In the cloud computing environment 400, one or more clients 202 (such as those described in connection with FIG. 2 ) are in communication with a cloud network 404. The cloud network 404 may include back-end platforms, e.g., servers, storage, server farms and/or data centers. The clients 202 may correspond to a single organization/tenant or multiple organizations/tenants. More particularly, in one example implementation, the cloud computing environment 400 may provide a private cloud serving a single organization (e.g., enterprise cloud). In another example, the cloud computing environment 400 may provide a community or public cloud serving multiple organizations/tenants.

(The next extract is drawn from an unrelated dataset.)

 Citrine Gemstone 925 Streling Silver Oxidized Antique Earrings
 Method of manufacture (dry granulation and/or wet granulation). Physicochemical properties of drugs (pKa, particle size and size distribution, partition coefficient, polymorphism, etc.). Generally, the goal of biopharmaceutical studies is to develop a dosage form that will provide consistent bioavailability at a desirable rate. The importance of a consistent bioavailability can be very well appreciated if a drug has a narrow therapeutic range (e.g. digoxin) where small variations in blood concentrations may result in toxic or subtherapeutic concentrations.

In some embodiments, a gateway appliance(s) or service may be utilized to provide access to cloud computing resources and virtual sessions. By way of example, Citrix Gateway, provided by Citrix Systems, Inc., may be deployed on-premises or on public clouds to provide users with secure access and single sign-on to virtual, SaaS and web applications. Furthermore, to protect users from web threats, a gateway such as Citrix Secure Web Gateway may be used. Citrix Secure Web Gateway uses a cloud-based service and a local cache to check for URL reputation and category.

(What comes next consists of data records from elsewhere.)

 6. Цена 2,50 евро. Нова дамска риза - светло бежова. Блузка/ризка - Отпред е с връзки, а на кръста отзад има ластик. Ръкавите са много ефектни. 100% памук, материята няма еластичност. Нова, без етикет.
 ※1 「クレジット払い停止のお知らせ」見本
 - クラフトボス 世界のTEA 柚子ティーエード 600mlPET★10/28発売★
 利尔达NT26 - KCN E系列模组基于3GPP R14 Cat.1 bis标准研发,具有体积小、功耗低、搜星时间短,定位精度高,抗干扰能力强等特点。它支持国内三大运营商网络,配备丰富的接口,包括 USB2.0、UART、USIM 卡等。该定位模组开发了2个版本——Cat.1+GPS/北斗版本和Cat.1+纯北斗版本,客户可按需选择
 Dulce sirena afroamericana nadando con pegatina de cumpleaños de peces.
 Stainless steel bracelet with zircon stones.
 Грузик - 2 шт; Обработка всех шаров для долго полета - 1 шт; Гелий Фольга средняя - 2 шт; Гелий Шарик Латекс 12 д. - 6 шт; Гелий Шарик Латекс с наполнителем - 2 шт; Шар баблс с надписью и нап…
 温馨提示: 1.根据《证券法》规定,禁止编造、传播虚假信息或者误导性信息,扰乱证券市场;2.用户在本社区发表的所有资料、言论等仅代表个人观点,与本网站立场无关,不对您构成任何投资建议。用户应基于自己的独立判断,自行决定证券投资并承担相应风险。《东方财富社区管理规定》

In still further embodiments, the cloud computing environment 400 may provide a hybrid cloud that is a combination of a public cloud and one or more resources located outside such a cloud, such as resources hosted within one or more data centers of an organization. Public clouds may include public servers that are maintained by third parties to the clients 202 or the enterprise/tenant. The servers may be located off-site in remote geographical locations or otherwise. In some implementations, one or more cloud connectors may be used to facilitate the exchange of communications between one more resources within the cloud computing environment 400 and one or more resources outside of such an environment.

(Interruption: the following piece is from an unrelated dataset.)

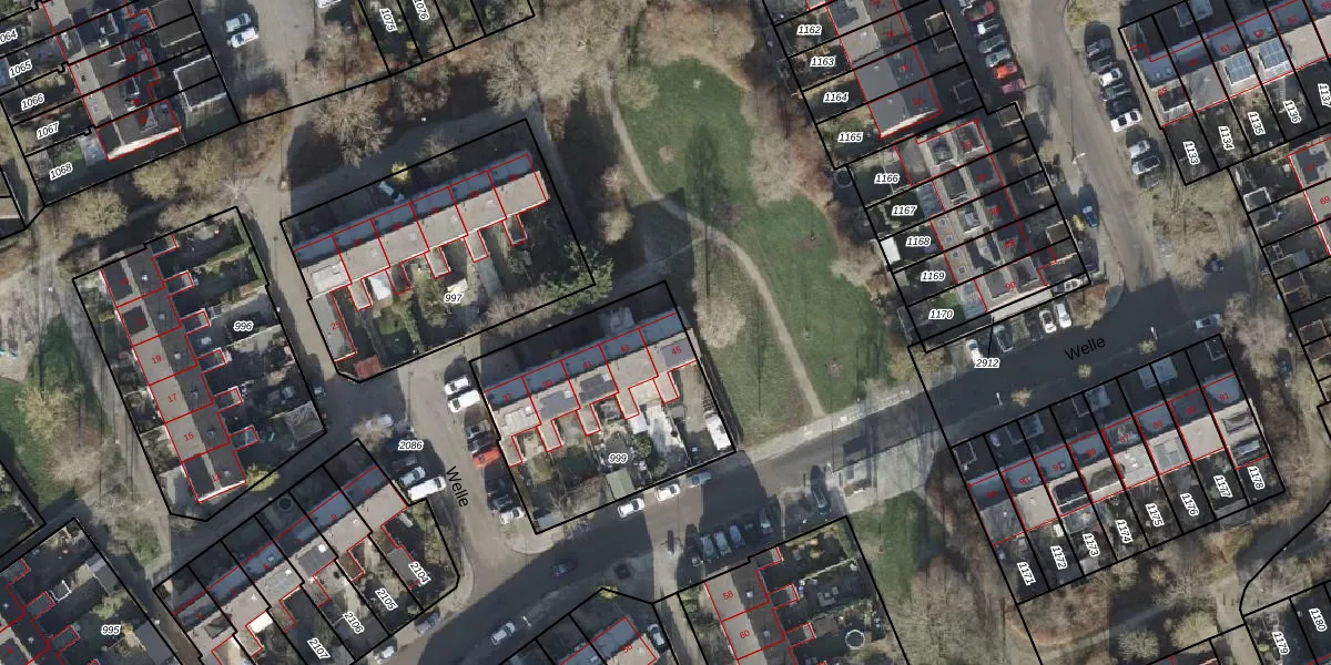 Het perceel waarop Welle 45 staat heeft een oppervlakte van 892 m². Dit is een groot perceel. De perceeloppervlakte wordt geregistreerd door het Kadaster. Gedetailleerde informatie over de maten van dit perceel kunt u vinden in het rapport Kadastrale kaart met maatvoering van Welle 45.

The cloud computing environment 400 can provide resource pooling to serve multiple users via clients 202 through a multi-tenant environment or multi-tenant model with different physical and virtual resources dynamically assigned and reassigned responsive to different demands within the respective environment. The multi-tenant environment can include a system or architecture that can provide a single instance of software, an application or a software application to serve multiple users. In some embodiments, the cloud computing environment 400 can provide on-demand self-service to unilaterally provision computing capabilities (e.g., server time, network storage) across a network for multiple clients 202. By way of example, provisioning services may be provided through a system such as Citrix Provisioning Services (Citrix PVS). Citrix PVS is a software-streaming technology that delivers patches, updates, and other configuration information to multiple virtual desktop endpoints through a shared desktop image. The cloud computing environment 400 can provide an elasticity to dynamically scale out or scale in response to different demands from one or more clients 202. In some embodiments, the cloud computing environment 400 may include or provide monitoring services to monitor, control and/or generate reports corresponding to the provided shared services and resources.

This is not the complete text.